[INFORMATION GIVEN]
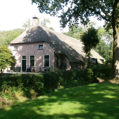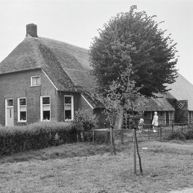 19e eeuwse boerderij met zijbaander onder rieten wolfdak met uilebord en windvaan aan achterzijde; windveren; staafankers, topschoorsteen. De van een sprong voorziene voorgevel symmetrisch ingedeeld: zesruitsschuifvensters en vierruitsschuifvensters, zesruitsvensters in de zijgevels.
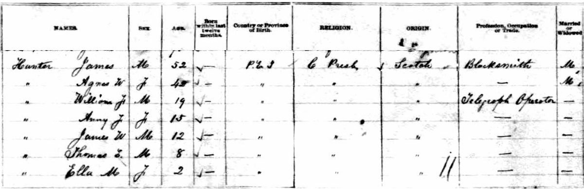 | Census | James Sharp was head of the household in the census on 4 April 1881 in Summerside, Prince County, Prince Edward Island, CanadaG. Enumerated in the household with James were his wife Barbara (Jamieson), son Rufus and mother-in-law, Ann (Walker) Jamieson.2 |
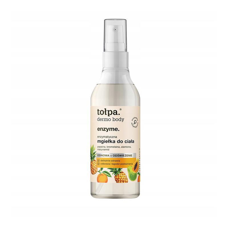 TOŁPA ENZYME ENZYMATYCZNA MGIEŁKA DO CIAŁA 3 ENZYMY 195ML dla osób o skórze problematycznej i wrażliwej, potrzebującej nawilżenia, odżywienia i rozświetlenia.
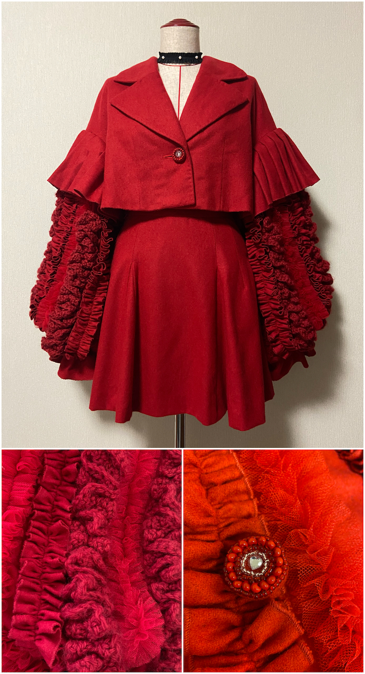 手縫いや刺繍の技術に加え、皮革や毛皮、レース、ベルベットなど高級かつ繊細な素材の扱い方を学び、オートクチュールという1点ものの服づくりを追求する学科。縫い代を割る(縫いやすいように縫い代を広げる処理のこと)のにも、革や毛皮の場合はアイロンを使わずに金槌で叩くなど、工作のような楽しさも味わえます。私は入学するまで刺繍はしたこともなかったのですが、課題で初めて手がけたことがきっかけで、刺繍の面白さに気づきました。少し立体感を出すだけで、光の当たり方や輝き方に違いが出ることを知り、舞台映えする衣装をつくる際にとても大切な要素になることを実感しました。そのほかにも、課題を通して扱いの難しい素材に何度も取り組むことで、自然と技術が磨かれました。グループ制作も多いため、グループ内で密に相談しながら課題を進めることで、コミュニケーション能力も向上!同じ目的意識を持った仲間と切磋琢磨しながら、作品も自分自身も高めることができました。
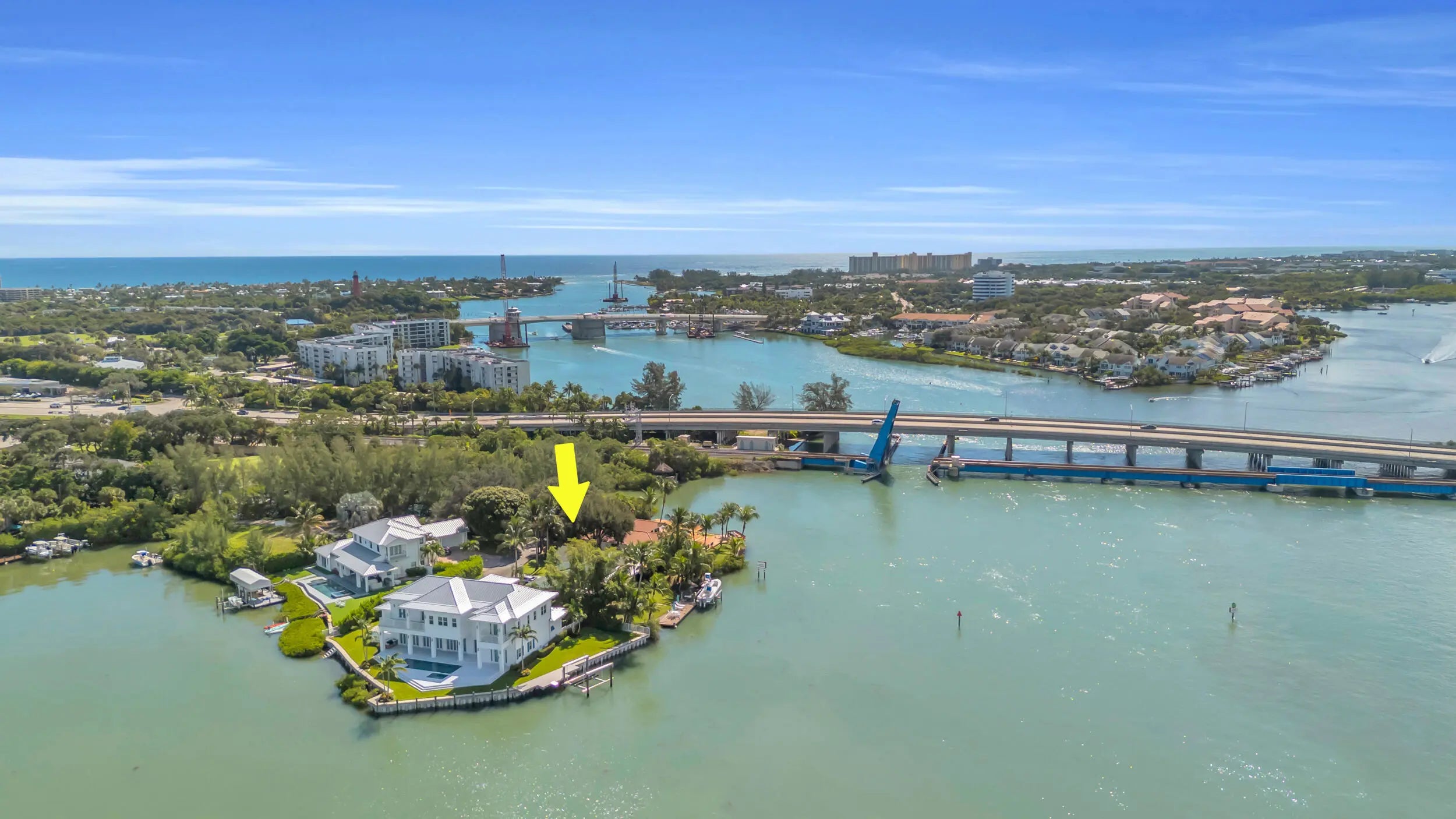 Big Water Hidden Paradise! ~115' of Riverfront tucked away just south off Riverside. Old Florida Entrance to (4) residences located on the point of Peninsular. This home is move in ready. Take your time and decide what renovations or new floor plan takes best advantage of panoramic river views. Built in 1976, this home's interior is charming. En Suite Bedroom on main floor. Primary Suite on 2nd floor with 3rd bedroom. 2 Car Garage has a FULL BATH and Kitchenette in case you need a guest quarters. Tropical Yard w/Multiple Palm Trees. Roof 2003 Comp Shingle. Dock is 2008 with lift holding a 35' Contender. Seawall w/ Cap
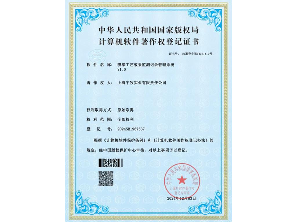 噴漆工藝效果監測記錄管理系統專利證書 |

[THE TASK] Starting with the first line of the data above, write out each line exactly up to and including the line that holds "TOŁPA ENZYME ENZYMATYCZNA". Pictures stay out.

[RESPONSE TO THE EXERCISE]
 19e eeuwse boerderij met zijbaander onder rieten wolfdak met uilebord en windvaan aan achterzijde; windveren; staafankers, topschoorsteen. De van een sprong voorziene voorgevel symmetrisch ingedeeld: zesruitsschuifvensters en vierruitsschuifvensters, zesruitsvensters in de zijgevels.
 | Census | James Sharp was head of the household in the census on 4 April 1881 in Summerside, Prince County, Prince Edward Island, CanadaG. Enumerated in the household with James were his wife Barbara (Jamieson), son Rufus and mother-in-law, Ann (Walker) Jamieson.2 |
 TOŁPA ENZYME ENZYMATYCZNA MGIEŁKA DO CIAŁA 3 ENZYMY 195ML dla osób o skórze problematycznej i wrażliwej, potrzebującej nawilżenia, odżywienia i rozświetlenia.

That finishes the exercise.